In the permissions section, choose the S3 replication role you created earlier.
Click Next to review your job configuration.
Review»
If everything looks good, click Create job to create the job.
Run batch operation»
Once the job is in the Awaiting your confirmation to run status, select it in the list of jobs, and click on Run job:
On the next screen, review the job configuration, and click on the Run job button at the bottom of the screen.
If all goes well, your job should end up in the Completed state once all the objects have successfully been replicated:
Failover runbook»
The following two sections explain how to failover to and failback from your secondary region.
Failing over»
To failover to your secondary region, use the following steps:
- Make sure your database is available for your secondary region to use in read-write mode. For example, failover to your secondary region so that the secondary DB connection is writable.
- Run the following command to start the services in your secondary region:
./start-stop-services.sh -e true -c config.dr.json
(where config.dr.json contains the configuration for your secondary region).- Note: it may take a few minutes for the services to start fully.
- Update your server DNS to point at the load balancer for your secondary region.
- Update your IoT broker custom domain DNS to point at the IoT broker endpoint in your secondary region.
- Restart your workers to allow them to reconnect to the IoT broker in your secondary region. If using Kubernetes workers, restart the controller pod.
- Run the following command to stop the services in your primary region:
./start-stop-services.sh -e false -c config.json
(where config.json contains the configuration for your secondary region).- Note that while you could leave the services running in your primary region, they will begin to fail and go into a crash loop because they will no-longer be able to access the Spacelift database after it is failed over to the secondary region.
Warning
After failing over to the secondary region, you will need to clear your cookies before being able to login to Spacelift.
Failing back»
- Make sure your database is available for your primary region to use in read-write mode. For example, failover to your primary region so that the primary DB connection is writable.
- Run the following command to start the services in your primary region:
./start-stop-services.sh -e true -c config.json
(where config.json contains the configuration for your primary region). - Update your DNS to point at the load balancer for your primary region.
- Update your IoT broker custom domain DNS to point at the IoT broker endpoint in your primary region.
- Restart your workers to allow them to reconnect to the IoT broker in your secondary region. If using Kubernetes workers, restart the controller pod.

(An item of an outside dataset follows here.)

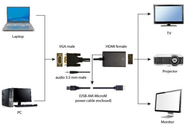 Povežite VGA uređaj(laptop, racunar, DVR, settop box..) sa HDMI monitorom, TV-om, projektorom.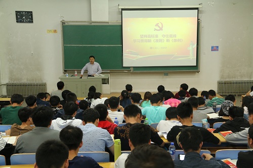 杨新华书记分别从“新《准则》新《条例》的修改背景”、“新《准则》《条例》重点解读”、“新《准则》《条例》的重要意义”及“如何扎实践行贯彻新《准则》《条例》”四个方面向同学们全面阐述了新《准则》《条例》的时代意义和现实价值。重点讲解了新《准则》提出的“四个必须”、“八条规范”、“六大纪律”、“四个自我”。杨新华书记强调,新《准则》重申了党的理想信念宗旨、优良传统作风,紧扣廉洁自律、坚持正面倡导、面向全体党员、强调自律,重在立德,为党员树立了一个看得见、够得着的高标准。《准则》展现了共产党人的高尚道德追求,体现古今中外道德规范从高不从低的共性要求,是我们党执政以来第一部坚持正面倡导、面向全体党员的党内廉洁自律规范。希望各位入党积极分子加入党组织第一步开始,严格遵守党的政治纪律、工作纪律、群众纪律、组织纪律、廉洁纪律、生活纪律;守住“底线”、不越“红线”、不碰“高压线”,用《准则》《条例》约束自己的言行,坚持吃苦在前,享受在后,生活节俭,做人清白。

- Run the following command to stop the services in your secondary region:
./start-stop-services.sh -e false -c config.dr.json
(where config.dr.json contains the configuration for your secondary region).- Note that while you could leave the services running in your secondary region, they will begin to fail and go into a crash loop because they will no-longer be able to access the Spacelift database after it is failed back to the primary region.

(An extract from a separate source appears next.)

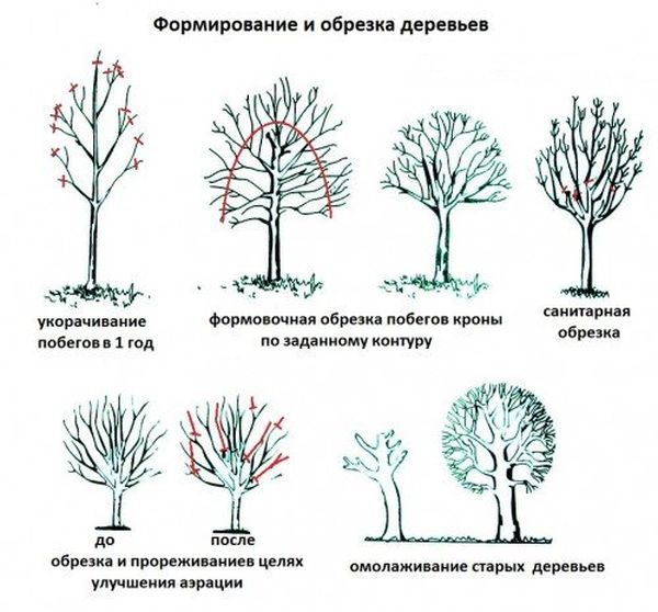 Pour les conditions climatiques de la voie du milieu, la meilleure option est une forme buissonnante, et pour des conditions encore plus sévères et défavorables, la plante est posée avec une strophe. En plus de la fonction formatrice, la taille remplit également les fonctions suivantes : régulatrice, réparatrice, rajeunissante et sanitaire.

Considerations after failing over»
- If you need to run the install.sh script against your secondary instance after failing over, make sure to adjust the
disable_services
property in the config file to false . Otherwise running the installer will stop your Spacelift services. - If you plan on permanently switching to the new region, you should also change the
is_dr_instance
property tofalse
(and set it totrue
in your other region). This is important so that things like database migrations run successfully when new versions are installed.